Pick out and copy every line below that has the word "with".

### The records
------------------------------------------------------------
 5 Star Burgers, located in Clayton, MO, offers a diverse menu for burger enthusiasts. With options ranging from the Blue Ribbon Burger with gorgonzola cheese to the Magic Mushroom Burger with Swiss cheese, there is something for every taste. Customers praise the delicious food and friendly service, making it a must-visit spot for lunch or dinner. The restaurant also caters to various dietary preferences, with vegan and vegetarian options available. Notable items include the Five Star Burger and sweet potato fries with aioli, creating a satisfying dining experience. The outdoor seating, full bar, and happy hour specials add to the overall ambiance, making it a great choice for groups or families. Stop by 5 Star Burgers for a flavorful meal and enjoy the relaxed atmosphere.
------------------------------------------------------------
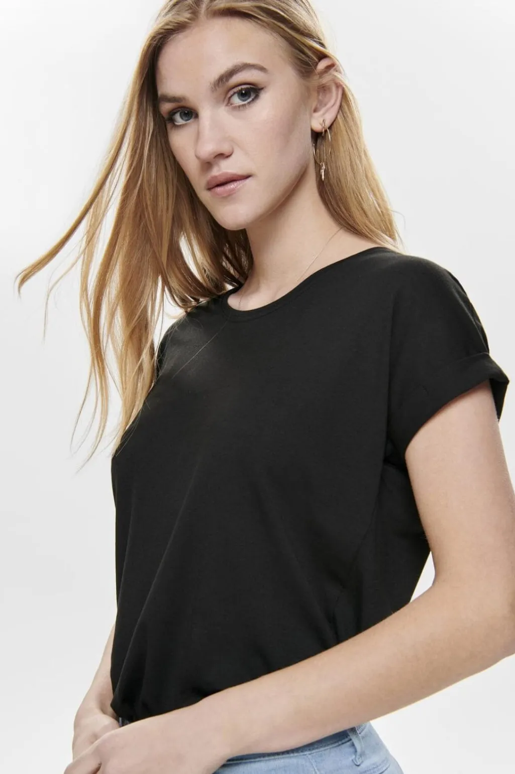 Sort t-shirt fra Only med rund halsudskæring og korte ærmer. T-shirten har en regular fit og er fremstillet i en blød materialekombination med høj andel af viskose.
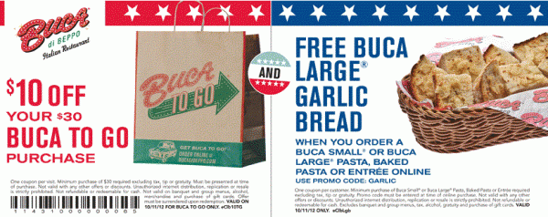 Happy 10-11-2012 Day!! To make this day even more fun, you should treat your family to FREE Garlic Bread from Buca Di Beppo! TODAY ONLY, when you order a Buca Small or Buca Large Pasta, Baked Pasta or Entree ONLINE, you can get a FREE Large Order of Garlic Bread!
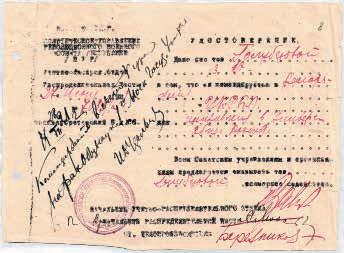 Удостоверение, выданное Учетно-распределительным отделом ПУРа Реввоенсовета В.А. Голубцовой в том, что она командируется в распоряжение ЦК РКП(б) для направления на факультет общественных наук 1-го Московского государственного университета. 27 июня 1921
------------------------------------------------------------
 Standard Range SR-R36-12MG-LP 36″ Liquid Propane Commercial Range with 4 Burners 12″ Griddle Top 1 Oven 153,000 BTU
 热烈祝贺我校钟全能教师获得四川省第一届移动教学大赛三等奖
------------------------------------------------------------
### Task solution
 5 Star Burgers, located in Clayton, MO, offers a diverse menu for burger enthusiasts. With options ranging from the Blue Ribbon Burger with gorgonzola cheese to the Magic Mushroom Burger with Swiss cheese, there is something for every taste. Customers praise the delicious food and friendly service, making it a must-visit spot for lunch or dinner. The restaurant also caters to various dietary preferences, with vegan and vegetarian options available. Notable items include the Five Star Burger and sweet potato fries with aioli, creating a satisfying dining experience. The outdoor seating, full bar, and happy hour specials add to the overall ambiance, making it a great choice for groups or families. Stop by 5 Star Burgers for a flavorful meal and enjoy the relaxed atmosphere.
 Standard Range SR-R36-12MG-LP 36″ Liquid Propane Commercial Range with 4 Burners 12″ Griddle Top 1 Oven 153,000 BTU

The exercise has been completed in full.